A coalition of 20 national organizations and civil rights leaders in a letter to top Democrats in the state Legislature and Gov. Kathy Hochul to move forward with a system of publicly financed campaigns as lawmakers discuss a potential two-year delay.
The letter released Monday is the latest pressure point for Democrats in Albany over whether the program should be put on hold as new district boundaries for the state Assembly are being considered, giving an added dash of uncertainty for incumbent lawmakers.

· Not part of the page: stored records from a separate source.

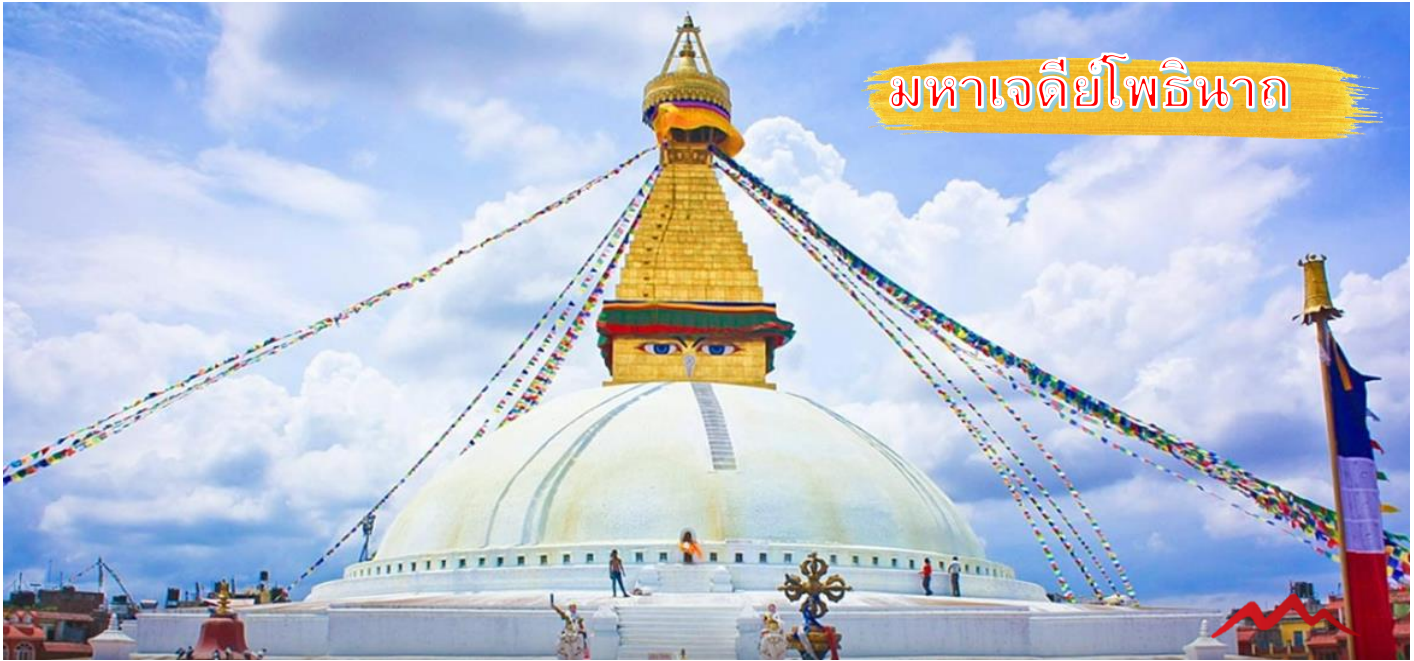
มหาเจดีย์โพธินาถ

เป็นแหล่งชุมชนของชาวพุทธมหายานจากทิเบตที่อพยพเข้ามาเมื่อปีพ.ศ. 2502 ที่นี้จึงจะเห็นพระ ทิเบตและคนทั่วไปยืนแกว่งล้อมนตร์พร้อมกับสวดมนต์อยู่ทั่วไป องค์การยูเนสโกขึ้นได้ทะเบียน สถานที่แห่งนี้เป็นมรดกโลกในปีพ.ศ. 2522 ให้ท่านได้ สักการะพระมหาเจดีย์และช้อปปิ้งสินค้า จำพวกของทิเบตบริเวณ รอบๆจนได้เวลาอันเวลานัดหมาย
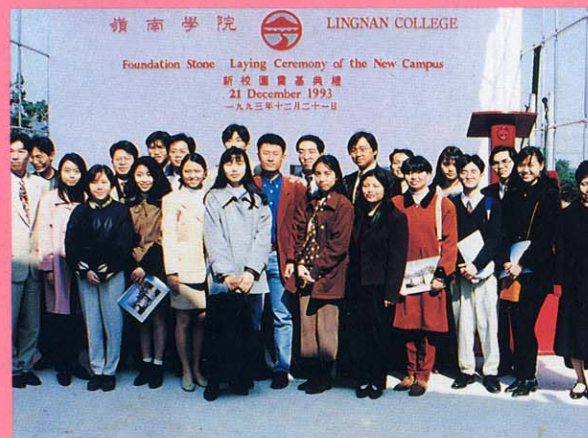
學生代表出席奠基典禮儀式
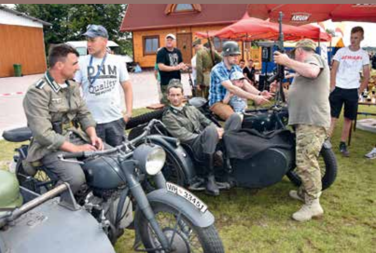
Grupa rekonstrukcyjna.

Organizatorzy pierwszego Spotkania z Techniką i Historią w Wiśniewie podsumowali tegoroczną imprezę. Ocena wypadła bardzo pozytywnie, dlatego jej pomysłodawcy już zapowiadają kolejne edycje.
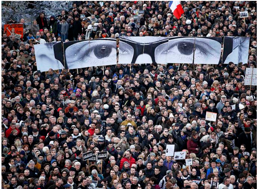
Manifestació en solidaritat amb Charlie Hebdo , a París, després de l’atemptat sofert per la revista satírica.
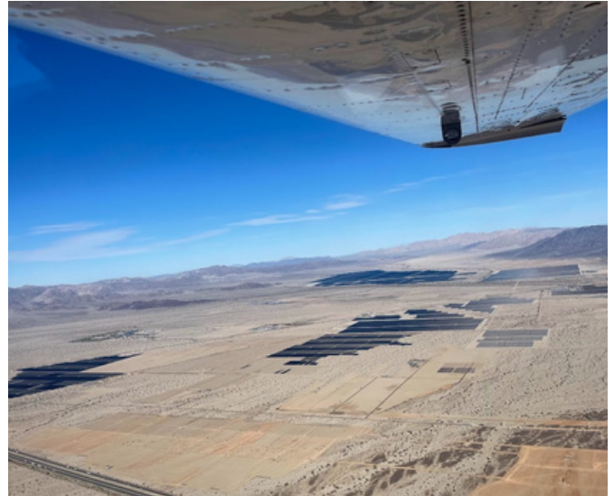
Granja solar vista durante vuelo con ECO FLIGHT.
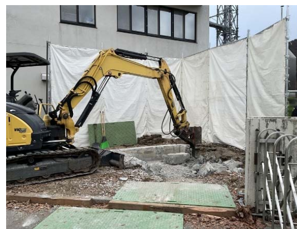
屋外トイレ撤去状況
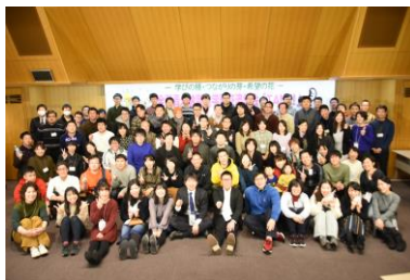
全国の青年教職員が集結！
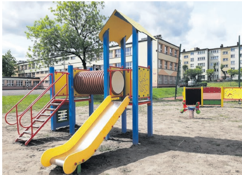
Strefa aktywnego wypoczynku rodziny przy Szkole Podstawowej nr 1 w Mysłowicach (realizacja 4. edycji MBO).

W głosowaniu wzięło udział 4312 osób, z czego 3770 oddanych głosów uznano za ważne. Najwięcej głosów
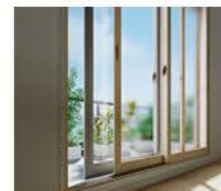
高断熱仕様の内窓設置 補助金額:84,000～30,000円

※窓・内窓・玄関ドアは商品の断熱性能やサイズによって補助金額が異なります。 ※先進的窓リノベ事業で補助額5万円以上申請する場合、こどもエコすまい支援事業は2万円以上から申請可能となります。
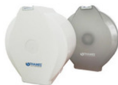
DISP. PAPEL HIGIÉNICO PVC Blanco y Fumé P/rollos de 200 y 300mts

"As the 2024 election cycle kicks off, it is essential that New York’s lawmakers implement and finance the public matching fund this year to give candidates and the public confidence that the new system can be relied upon," the letter states. "We believe that New York’s leaders are up to the task and that any disagreements can be resolved without need for delay. We look forward to your swift action on this matter."
Supporters also pointed to the successful implementation of similar public campaign financing programs in Connecticut and Maine as well as in Washington, D.C., Denver and Baltimore.
The letter was signed by figures like former NAACP President Ben Jealous as well as Maya Wiley, a former candidate for New York City mayor. Progressive organizations like the Center for Popular Democracy and End Citizens United are backing the push as well as good-government groups like the League of Women Voters of the United States and the Brennan Center.
The letter was released by Stand Up America, a voting-rights organizations founded by Sean Eldridge, a Democratic former candidate for the U.S. House.
The public financing of elections has long been a goal of good-government organizations in New York as a means of reducing the influence of money in politics. The program would create a matching fund for candidates to receive public dollars based on contributions of up to $250.
Hochul's $227 billion budget proposal included $25 million for the public financing fund as well as money to help with administrative costs. But some lawmakers are debating whether to delay its implementation this year amid concerns over the specifics of the matching provisions as well as the vulnerability some incumbents may face in the state Assembly with new district lines.
The state budget is expected to pass by April 1.